● **RAW DATA**
-.-.-
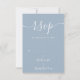 Cette élégante carte RSVP bleu et blanc poussiéreux peut être personnalisée en lettrage blanc chic. Vous pouvez ajouter des informations supplémentaires telles que le choix du menu au verso. Parfait pour les mariages, douches nuptiales, baby showers, baptêmes, fêtes de fiançailles, fêtes d'anniversaire, diplômes, anniversaires et autres événements spéciaux tout au long de l'année! Conçu par Thisisnotme©
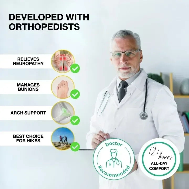 The wide toe design frees your feet from pressure and discomfort. Perfect for those with bunions, arthritis, or swelling. Experience ultimate comfort with no constraints, even during long hours of wear.
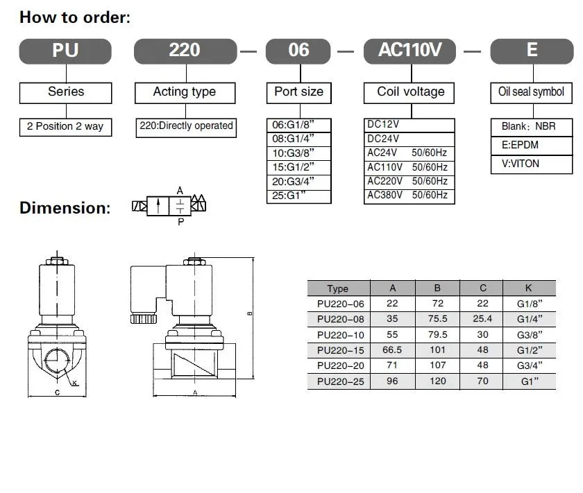 Specification For PU Series Brass Solenoid Valve | ||||||||||||
-.-.-
● **WORK ITEM**
Strip out the pictures and quote the remaining data word for word.

● **REPLY**
 Cette élégante carte RSVP bleu et blanc poussiéreux peut être personnalisée en lettrage blanc chic. Vous pouvez ajouter des informations supplémentaires telles que le choix du menu au verso. Parfait pour les mariages, douches nuptiales, baby showers, baptêmes, fêtes de fiançailles, fêtes d'anniversaire, diplômes, anniversaires et autres événements spéciaux tout au long de l'année! Conçu par Thisisnotme©
 The wide toe design frees your feet from pressure and discomfort. Perfect for those with bunions, arthritis, or swelling. Experience ultimate comfort with no constraints, even during long hours of wear.
 Specification For PU Series Brass Solenoid Valve | ||||||||||||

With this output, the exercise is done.